Reproduce the listing in full, pictures excluded.
:::
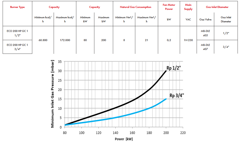 Ecostar - Model ECO 200 HP GC 1 -One Stage Gas Burner
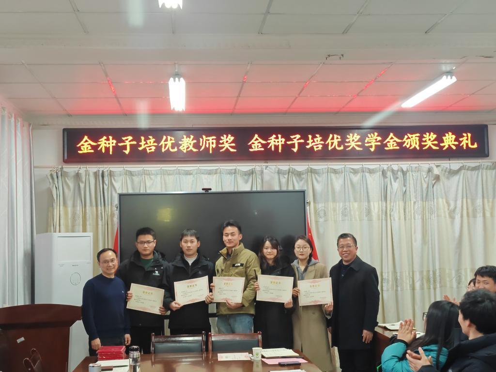 1月11日下午,“金种子培优基金”2023年度“金种子培优奖学金”“金种子培优教师奖”颁奖仪式在农学院会议室隆重举行。校党委委员、副院长李升和,上海景领投资管理有限公司合伙人、基金发起者黄宪先生,二级教授、基金发起者农学院黄先忠老师,农学院党委书记何世潮,副书记张轶辉,副院长舒英杰和李文阳以及教师代表和学生代表出席颁奖仪式。根据《半岛app官方在线入口农学院“金种子培优基金”申报细则》和申报人申请,经“金种子培优基金”评审委员会评审,李瑞宁、艾昊两位青年教师荣获金种子培优教师奖,孙张论、李婷、杜孟祥、杨德坤和王静婷五位农艺与种业专业研究生荣获金种子培优奖学金。颁奖仪式由农学院党委副书记、院长崔广荣主持。
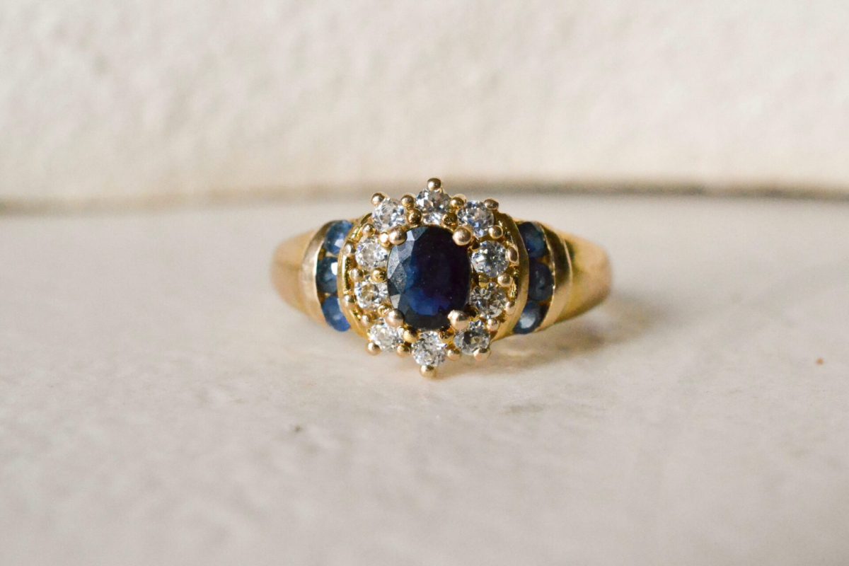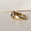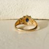 Pour aller plus loin: Cette bague combine deux styles emblématiques de la joaillerie : la marguerite, symbole intemporel d’élégance florale. Également le jonc, anneau large traditionnellement associé à l’idée d’éternité et de continuité. Ce type de création apparaît fréquemment dans la bijouterie de la fin du XXᵉ siècle, période où les joailliers développent des pièces plus affirmées et faciles à porter au quotidien. Le saphir, pierre associée depuis l’Antiquité à la fidélité et à la noblesse, renforce la symbolique de cette bague. La présence de plusieurs saphirs le long de la monture crée un véritable ruban de bleu autour du doigt, évoquant protection et constance.
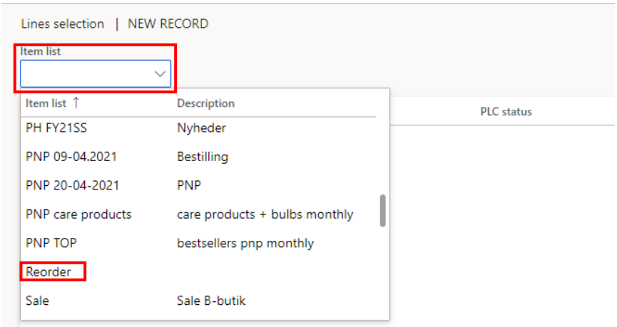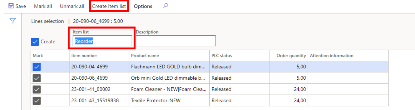Mark all items and click on ‘Item list’. Now choose ‘Create/update item list’
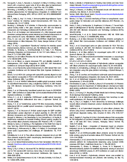 虽然这些例子展示了利用芯片间光输入输出在扩展数据容量方面可能带来的显著改进,但它们也展示了三个重要趋势:(1)封装层向集成波导的转变,(2)利用光扇出技术以支持大面积可插拔光纤接口,(3)对基板(如玻璃)的迫切需求, 这些方法在实现面板级处理的同时,性能优于有机体。此外,还需要对中介器到板上耦合器进行研究,以实现类似微电子领域中嵌入板级Cu线路的球栅阵列时所见的C-SWaP改进28.
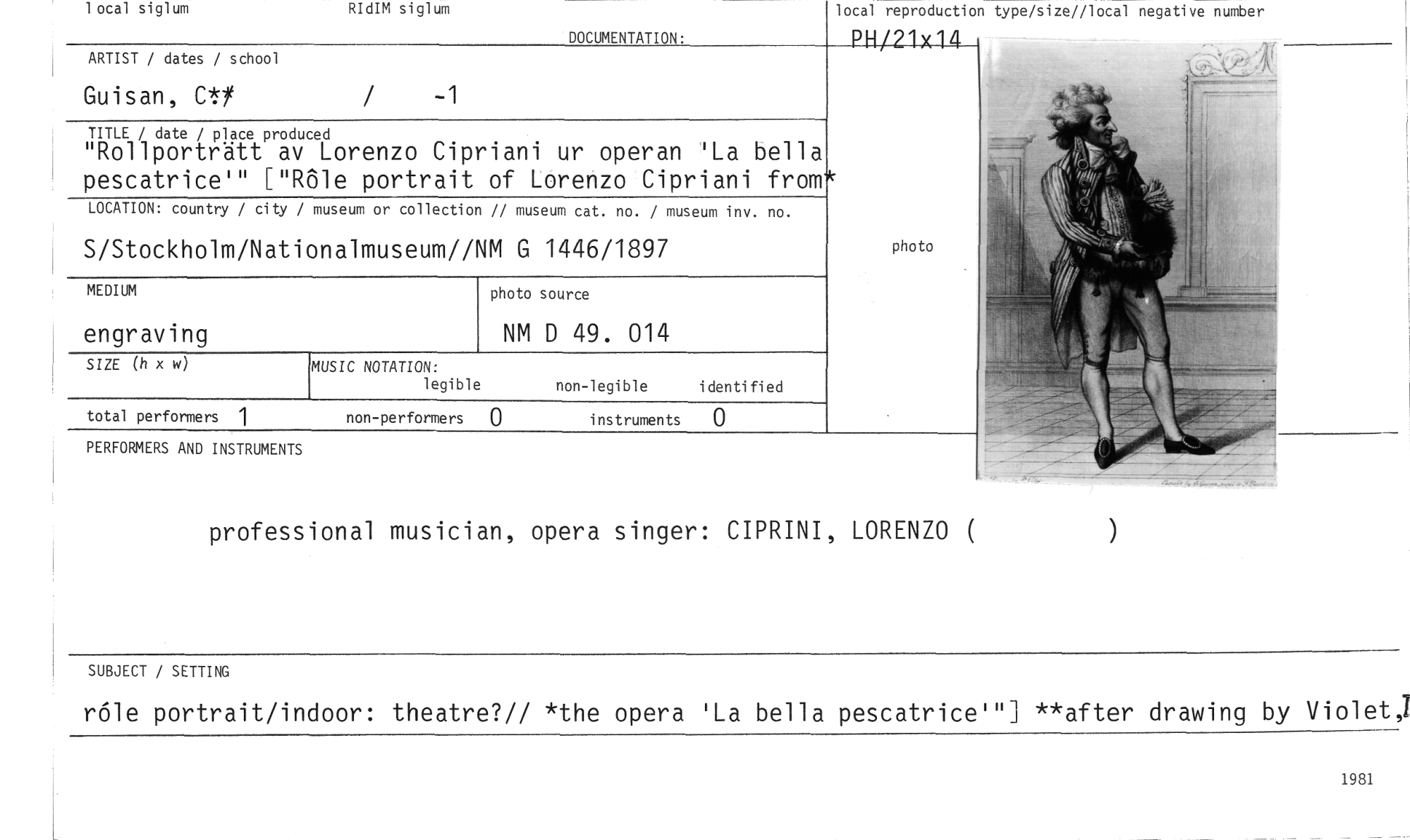 //// professional musician, opera singer: CIPRINI, LORENZO //// SUBJECT / SETTING //// röle portrait/indoor: theatre?// *the opera 'La bella pescatrice"i **after drawing by Violetj //// total performers //// non-performers 0 instruments 0 //// local reproduction type/size//local negative number //// PH/21x14 //// TITLE / date / place produced //// "Rollporträtt av Lorenzo Cipriani ur operan 1La bella pescatrice" ["Röle portrait of Lorenzo Cipriani from* //// LOCATION: country / city / museum or collection // museum cat. no. / museum inv. no. //// S/Stockholm/Nationalmuseum//NM G 1446/1897 //// photo //// SIZE (h x w) //// MUSIC NOTATION: //// legible non-legible identified //// PERFORMERS AND INSTRUMENTS //// MEDIUM //// engraving //// photo source //// NM D 49. 014 //// 1 ocal siglum RIdIM siglum //// DOCUMENTATION: //// ARTIST / dates / school //// Guisan, Ctf / -1 //// 1981 ////
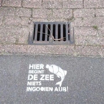 De boodschap ‘Hier begint de zee’ maakt deel uit van een landelijke campagne die duidelijk maakt: de strijd tegen plasticsoep begint niet pas op het strand, maar al bij de straatput. Alles wat daarin verdwijnt, stroomt via sloten, beken en rivieren rechtstreeks naar zee inclusief het afval.”
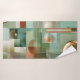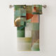 Bath towel set featuring a modern abstract design in green, teal and gold.
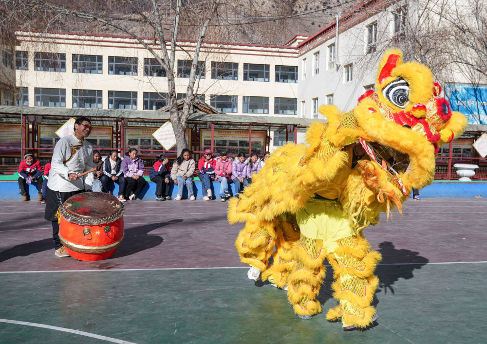 西藏昌都市洛隆縣,舞獅隊正在表演獅子舞。新華社記者 孫非 攝
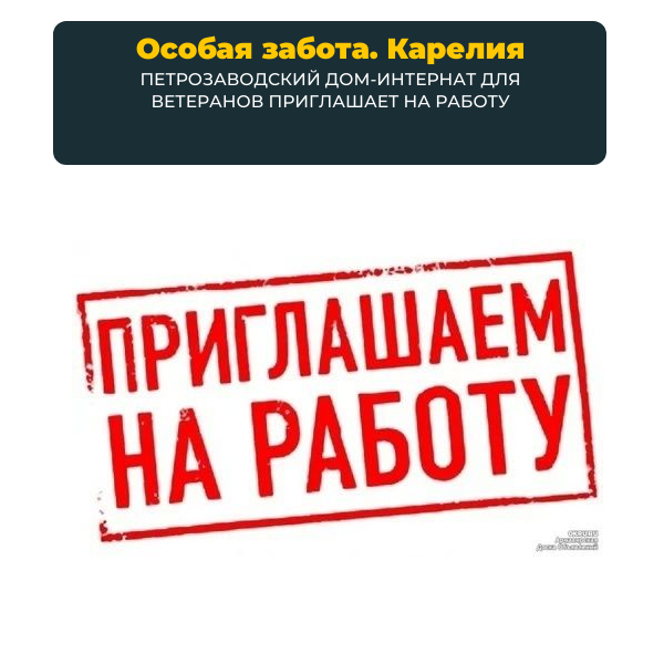 Петрозаводский дом-интернат для ветеранов приглашает на работу.
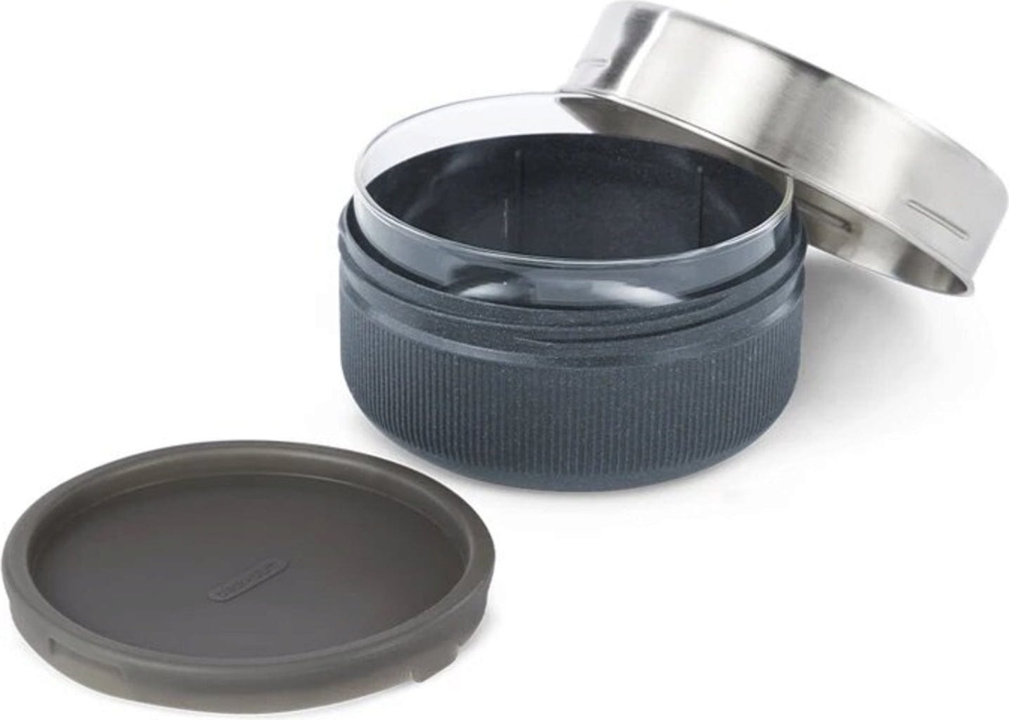 Praktische lunchschaal van temperatuurbestendig borosilicaatglas met siliconen deksel. Extra beschermd door een deksel van polypropyleen en 30% duurzame PEFC-houtvezels en een deksel van hoogwaardig roestvrij staal. Antislip siliconen inzetstuk op de bodem. Volledig lekvrij en vaatwasmachinebestendig (het beste in het bovenste vak).
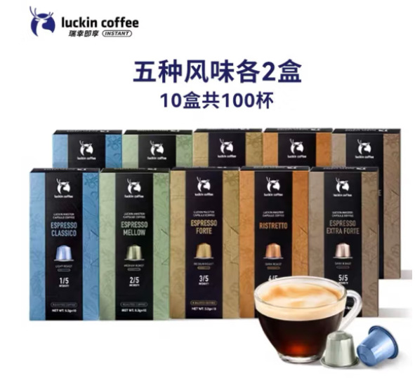 • 루이싱 커피 캡슐 커피 에스프레소 - 5가지 맛 각 2박스 [10박스, 총 100컵]
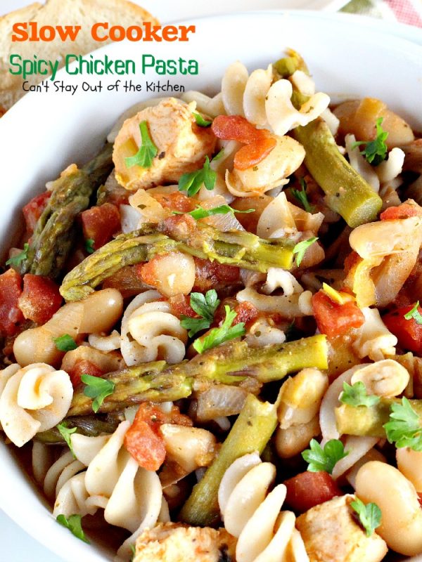Slow Cooker Spicy Chicken Pasta is so tasty. It’s a great meal to serve on cold, winter nights.
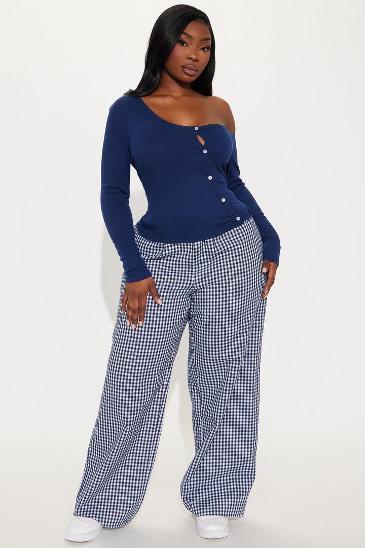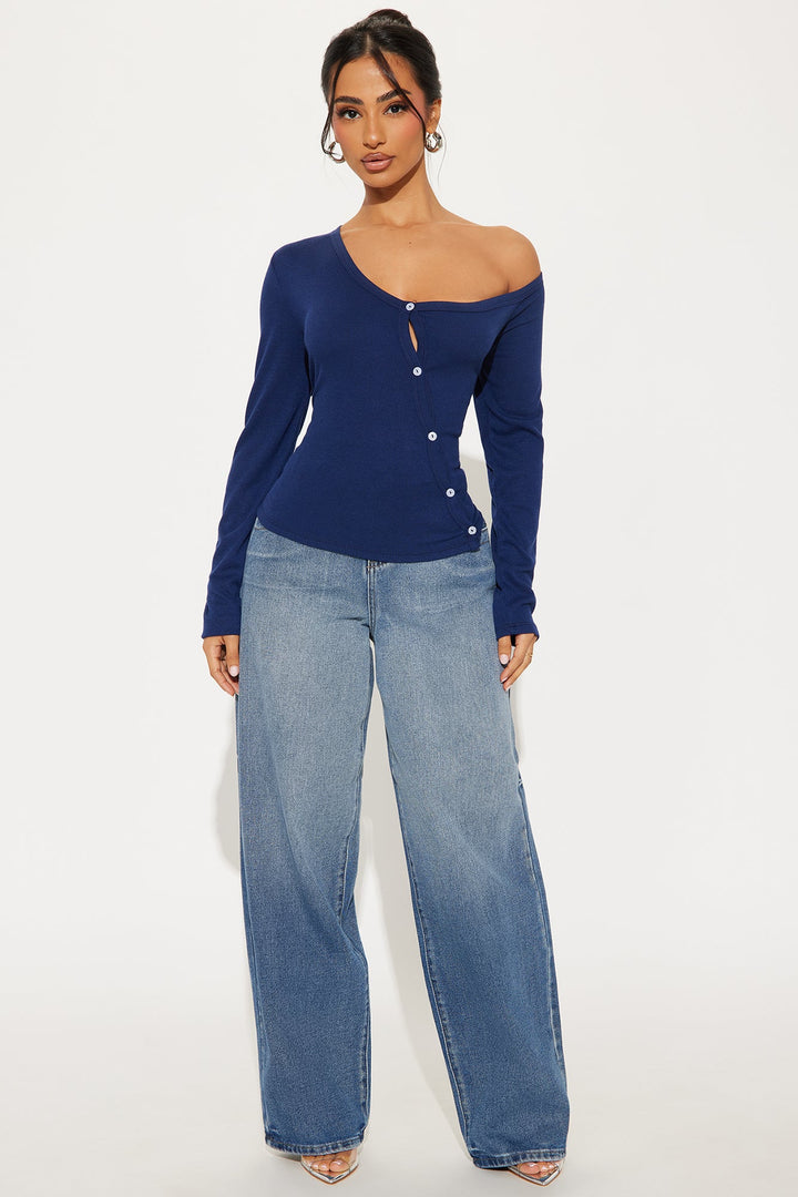 Available In Navy And Yellow. | Off Shoulder Top | Stretch | Button Up | Ribbed | 70% Polyester 27% Rayon 3% Spandex | Imported
:::
**Reply:**
 Ecostar - Model ECO 200 HP GC 1 -One Stage Gas Burner
 1月11日下午,“金种子培优基金”2023年度“金种子培优奖学金”“金种子培优教师奖”颁奖仪式在农学院会议室隆重举行。校党委委员、副院长李升和,上海景领投资管理有限公司合伙人、基金发起者黄宪先生,二级教授、基金发起者农学院黄先忠老师,农学院党委书记何世潮,副书记张轶辉,副院长舒英杰和李文阳以及教师代表和学生代表出席颁奖仪式。根据《半岛app官方在线入口农学院“金种子培优基金”申报细则》和申报人申请,经“金种子培优基金”评审委员会评审,李瑞宁、艾昊两位青年教师荣获金种子培优教师奖,孙张论、李婷、杜孟祥、杨德坤和王静婷五位农艺与种业专业研究生荣获金种子培优奖学金。颁奖仪式由农学院党委副书记、院长崔广荣主持。
 Pour aller plus loin: Cette bague combine deux styles emblématiques de la joaillerie : la marguerite, symbole intemporel d’élégance florale. Également le jonc, anneau large traditionnellement associé à l’idée d’éternité et de continuité. Ce type de création apparaît fréquemment dans la bijouterie de la fin du XXᵉ siècle, période où les joailliers développent des pièces plus affirmées et faciles à porter au quotidien. Le saphir, pierre associée depuis l’Antiquité à la fidélité et à la noblesse, renforce la symbolique de cette bague. La présence de plusieurs saphirs le long de la monture crée un véritable ruban de bleu autour du doigt, évoquant protection et constance.
Mark all items and click on ‘Item list’. Now choose ‘Create/update item list’
 虽然这些例子展示了利用芯片间光输入输出在扩展数据容量方面可能带来的显著改进,但它们也展示了三个重要趋势:(1)封装层向集成波导的转变,(2)利用光扇出技术以支持大面积可插拔光纤接口,(3)对基板(如玻璃)的迫切需求, 这些方法在实现面板级处理的同时,性能优于有机体。此外,还需要对中介器到板上耦合器进行研究,以实现类似微电子领域中嵌入板级Cu线路的球栅阵列时所见的C-SWaP改进28.
 //// professional musician, opera singer: CIPRINI, LORENZO //// SUBJECT / SETTING //// röle portrait/indoor: theatre?// *the opera 'La bella pescatrice"i **after drawing by Violetj //// total performers //// non-performers 0 instruments 0 //// local reproduction type/size//local negative number //// PH/21x14 //// TITLE / date / place produced //// "Rollporträtt av Lorenzo Cipriani ur operan 1La bella pescatrice" ["Röle portrait of Lorenzo Cipriani from* //// LOCATION: country / city / museum or collection // museum cat. no. / museum inv. no. //// S/Stockholm/Nationalmuseum//NM G 1446/1897 //// photo //// SIZE (h x w) //// MUSIC NOTATION: //// legible non-legible identified //// PERFORMERS AND INSTRUMENTS //// MEDIUM //// engraving //// photo source //// NM D 49. 014 //// 1 ocal siglum RIdIM siglum //// DOCUMENTATION: //// ARTIST / dates / school //// Guisan, Ctf / -1 //// 1981 ////
 De boodschap ‘Hier begint de zee’ maakt deel uit van een landelijke campagne die duidelijk maakt: de strijd tegen plasticsoep begint niet pas op het strand, maar al bij de straatput. Alles wat daarin verdwijnt, stroomt via sloten, beken en rivieren rechtstreeks naar zee inclusief het afval.”
 Bath towel set featuring a modern abstract design in green, teal and gold.
 西藏昌都市洛隆縣,舞獅隊正在表演獅子舞。新華社記者 孫非 攝
 Петрозаводский дом-интернат для ветеранов приглашает на работу.
 Praktische lunchschaal van temperatuurbestendig borosilicaatglas met siliconen deksel. Extra beschermd door een deksel van polypropyleen en 30% duurzame PEFC-houtvezels en een deksel van hoogwaardig roestvrij staal. Antislip siliconen inzetstuk op de bodem. Volledig lekvrij en vaatwasmachinebestendig (het beste in het bovenste vak).
 • 루이싱 커피 캡슐 커피 에스프레소 - 5가지 맛 각 2박스 [10박스, 총 100컵]
Slow Cooker Spicy Chicken Pasta is so tasty. It’s a great meal to serve on cold, winter nights.
 Available In Navy And Yellow. | Off Shoulder Top | Stretch | Button Up | Ribbed | 70% Polyester 27% Rayon 3% Spandex | Imported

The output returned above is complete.